This report represents unique clinical and pathological manifestations of nephroblastoma. The dog’s history and clinical signs demonstrated acute neurological disease, and her physical examination revealed an intra-abdominal mass as well as multifocal neurological disease. The tumor was found involving the right kidney, caudal vena cava, both adrenal glands, hepatic and mediastinal lymph nodes, pulmonary interstitium, bone marrow and periosteum of the third and fourth vertebrae as well as the extradural space of spinal canal at the same level, and the bone marrow. Direct extension of the abdominal mass to the spinal canal was not demonstrated, suggesting extradural spinal metastasis. It is also possible that this tumor did not metastasize from the kidney to the spinal region, but that these two locations represent primary nephroblastoma at both sites due to embryonic remnants remaining at both sites. Histopathology of portions of the spinal cord above the lumbar intumescence was unremarkable; however, the dog was short-strided in the thoracic limbs, had significant neck pain, increased tone in the pelvic limbs, and crossed extension in the pelvic limbs, all suggesting a lesion above the lumbar intumescence. These clinical signs remained unexplained. Importantly, bone-marrow aspirate revealed bone-marrow metastasis, which has not been reported in the literature, although one case report did involve extensive tibial nephroblastoma with invasion of the medullary cavity.15 The clinical and cytopathological findings in this dog supported a diagnosis of lymphosarcoma as well as nephroblastoma, with a stronger suspicion of lymphosarcoma because of bone-marrow involvement. To further rule out a diagnosis of lymphoma, polymerase chain reaction (PCR) of tumor tissue, bone marrow, and lymph nodes could have been considered to evaluate for presence or absence of B or T lymphocyte receptor rearrangement. Histopathology with immunohistochemistry confirmed a diagnosis of nephroblastoma in this case.
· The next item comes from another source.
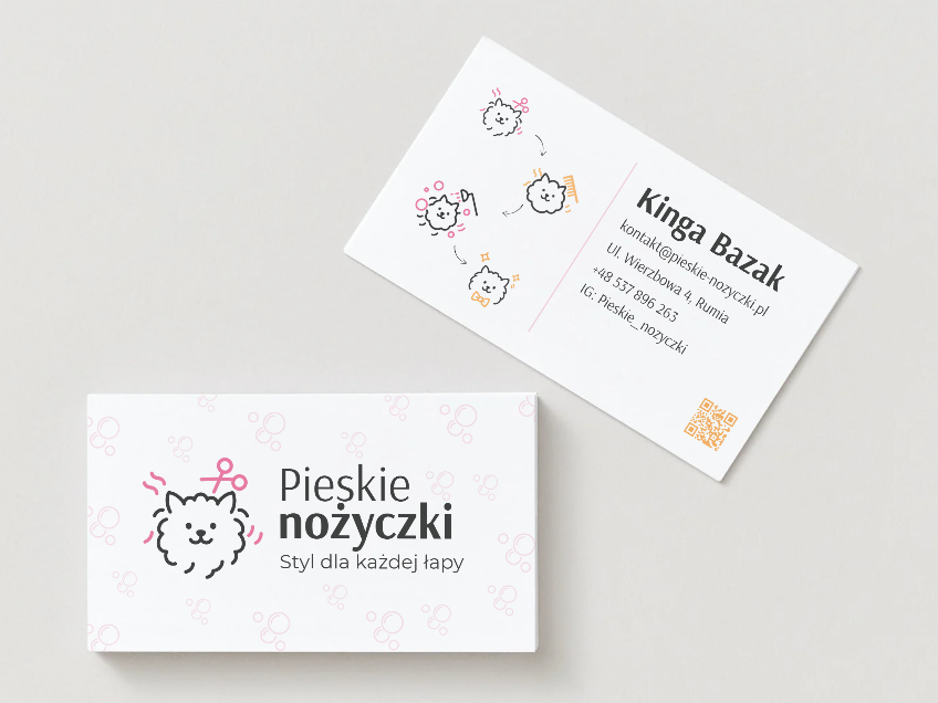 Pieskie Nożyczki zyskały wizerunek, który „mówi” do Klienta zanim ten wejdzie do salonu. Dzięki personalizacji logo i spójności wszystkich materiałów (od strony WWW po kartę lojalnościową), marka stała się rozpoznawalnym punktem na mapie Rumi. Właściciele psów od razu wiedzą, że trafiają w ręce profesjonalisty, dla którego dobrostan ich pupila jest priorytetem. To wizerunek, który łączy styl z empatią.

Immunohistochemistry has been used to identify the mesenchymal or epithelial components of nephroblastoma. Cytokeratin (an epithelial marker) and vimentin (a mesenchymal marker used to identify blastemal and stromal elements) immunoreactivity patterns in canine nephroblastoma reflect the varied composition of the tumor. The histogenesis of primary spinal nephroblastoma has not been definitively proven. Unless immunohistochemistry is utilized, the spinal cord form of nephroblastoma can be confused with neuroepithelioma, medulloepithelioma, or ependymoma because of the histopathological variation of the tissue and the tumor location.7 In dogs, immunohistochemistry has shown spinal nephroblastoma to stain negatively for the neuroectodermal marker, glial fibrillary acidic protein (GFAP), and occasionally faintly positively for a less specific neural marker, neuron-specific enolase (NSE), also seen in some human Wilms’ tumors.6 Nephroblastoma stains positively with mesenchymal or epithelial markers or both. In humans, an antibody to the Wilms’ tumor gene product (WT1), found on the human chromosome 11, has been useful in the diagnosis of nephroblastoma.6 The WT1 has also been demonstrated in a canine spinal nephroblastoma,6 but was not performed in this case because of test availability.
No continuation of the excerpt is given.